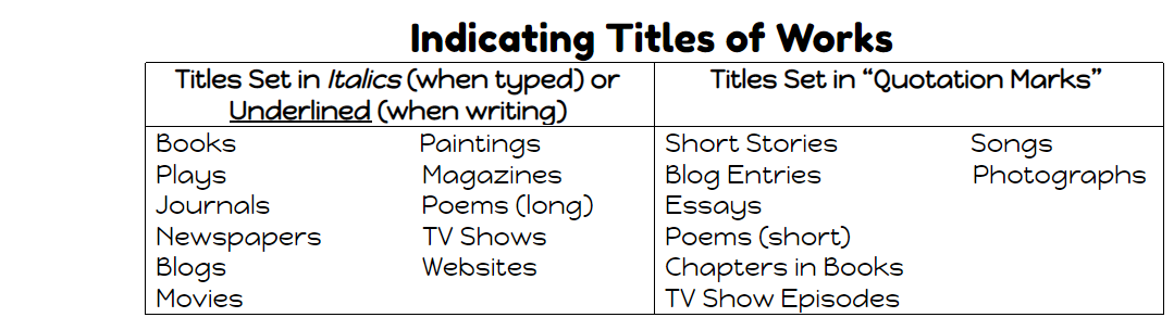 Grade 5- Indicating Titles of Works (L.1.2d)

* * *

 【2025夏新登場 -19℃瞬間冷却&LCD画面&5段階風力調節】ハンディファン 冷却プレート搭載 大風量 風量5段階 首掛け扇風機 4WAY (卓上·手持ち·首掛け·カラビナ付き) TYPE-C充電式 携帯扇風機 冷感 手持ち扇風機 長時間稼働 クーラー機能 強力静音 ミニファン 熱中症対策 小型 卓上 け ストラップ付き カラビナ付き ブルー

--

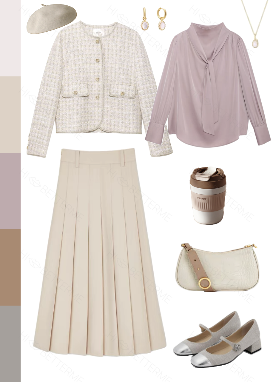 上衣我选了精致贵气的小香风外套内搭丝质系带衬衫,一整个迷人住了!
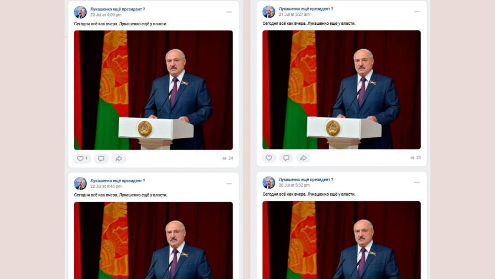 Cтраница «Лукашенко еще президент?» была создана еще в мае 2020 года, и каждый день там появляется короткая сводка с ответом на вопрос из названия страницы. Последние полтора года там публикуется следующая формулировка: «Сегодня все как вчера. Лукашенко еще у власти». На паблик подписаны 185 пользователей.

WHAT TO DO -> Starting from the line with "上衣我选了精致贵气的小香风外套内搭丝质系带衬衫,一整个迷人住了!" in the records above, repeat each line exactly until you have written the line with "подписаны 185 пользователей.", then stop; drop the pictures.

TASK ANSWER ->
 上衣我选了精致贵气的小香风外套内搭丝质系带衬衫,一整个迷人住了!
 Cтраница «Лукашенко еще президент?» была создана еще в мае 2020 года, и каждый день там появляется короткая сводка с ответом на вопрос из названия страницы. Последние полтора года там публикуется следующая формулировка: «Сегодня все как вчера. Лукашенко еще у власти». На паблик подписаны 185 пользователей.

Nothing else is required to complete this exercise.